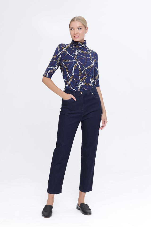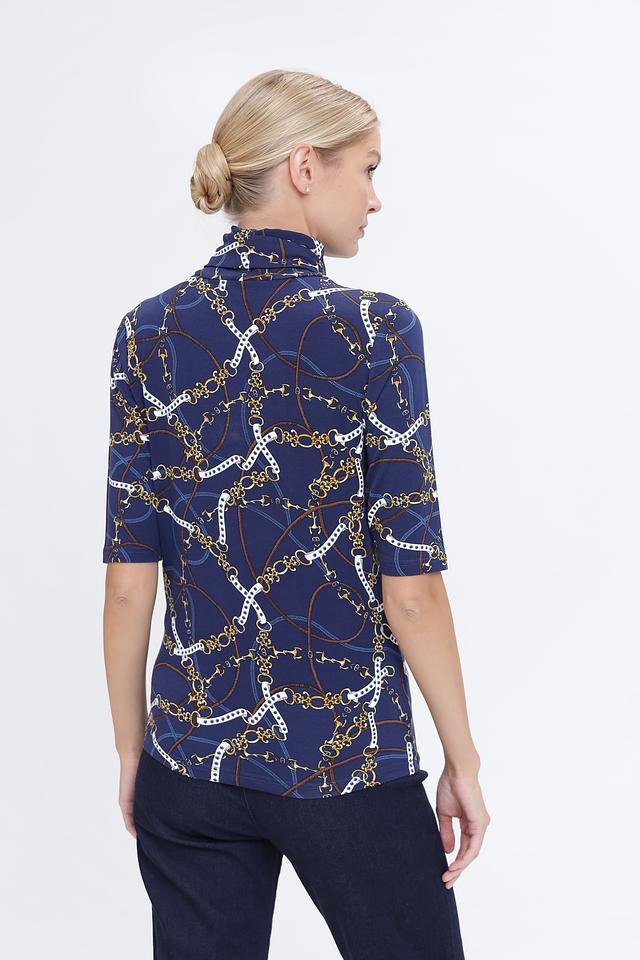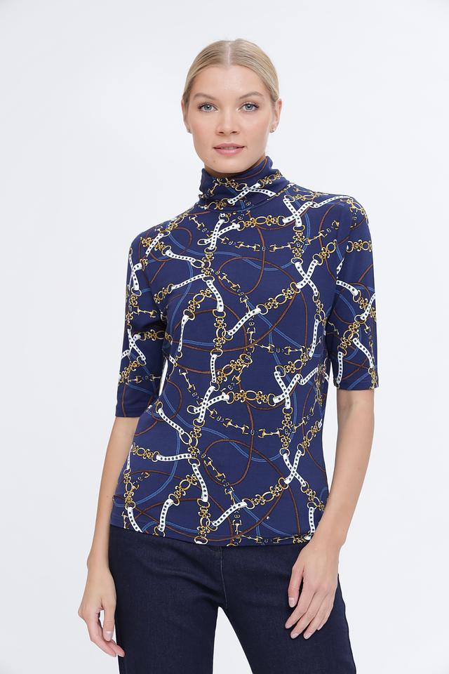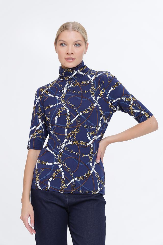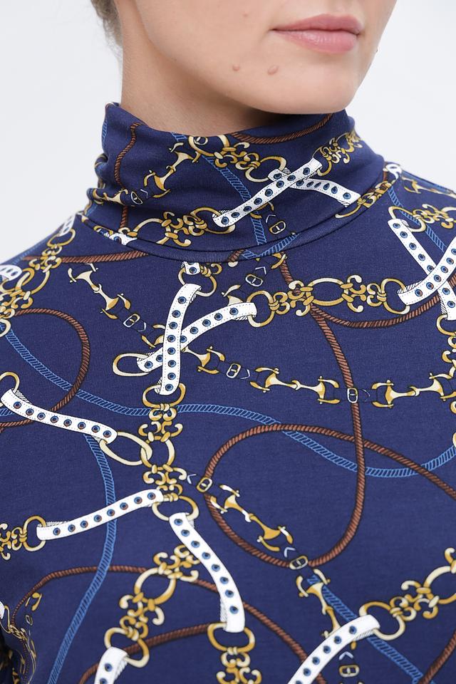 Водолазка имеет приталенный силуэт и короткий рукав, что делает ее универсальной для различных случаев. Главной особенностью модели является яркий принт в виде цепочек на синем фоне, который добавляет образу изысканности и индивидуальности.
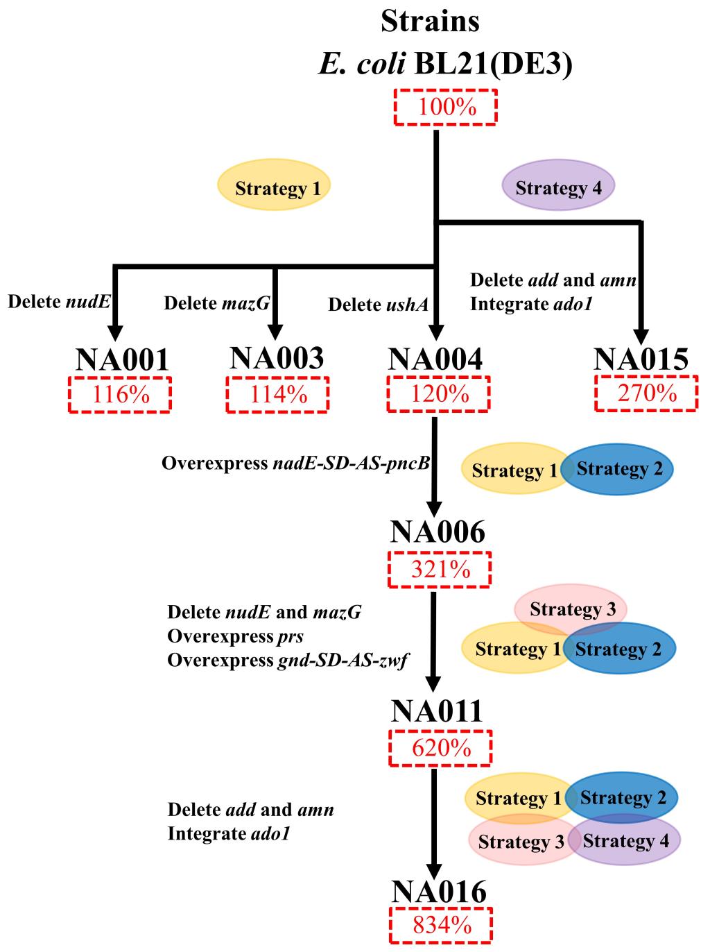 图二. 提高大肠杆菌NAD+生物合成的多策略代谢工程改造效果图
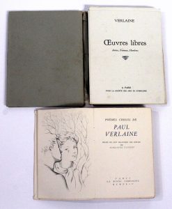 VERLAINE, "Poèmes Choisis de Paul Verlaine - Illustrés par Mariane Clouzot", tirage numéroté, 1944 + VERLAINE, "Oeuvres Libres - Amies, Femmes, Hombres", nombreuses gravures érotiques, l'un des 24 exemplaires numérotés sur vélin, avec (x1)...
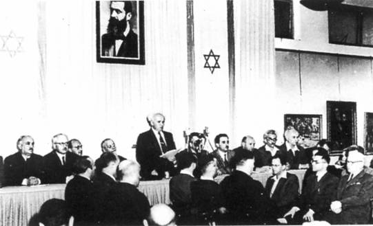 Le 14 mai 1948 à minuit : l’ÉTAT D’ISRAËL est proclamé.

▸ What you will do
Exclude every picture, then reproduce the remaining data character for character.

▸ Exercise response
 Водолазка имеет приталенный силуэт и короткий рукав, что делает ее универсальной для различных случаев. Главной особенностью модели является яркий принт в виде цепочек на синем фоне, который добавляет образу изысканности и индивидуальности.
 图二. 提高大肠杆菌NAD+生物合成的多策略代谢工程改造效果图
 VERLAINE, "Poèmes Choisis de Paul Verlaine - Illustrés par Mariane Clouzot", tirage numéroté, 1944 + VERLAINE, "Oeuvres Libres - Amies, Femmes, Hombres", nombreuses gravures érotiques, l'un des 24 exemplaires numérotés sur vélin, avec (x1)...
 Le 14 mai 1948 à minuit : l’ÉTAT D’ISRAËL est proclamé.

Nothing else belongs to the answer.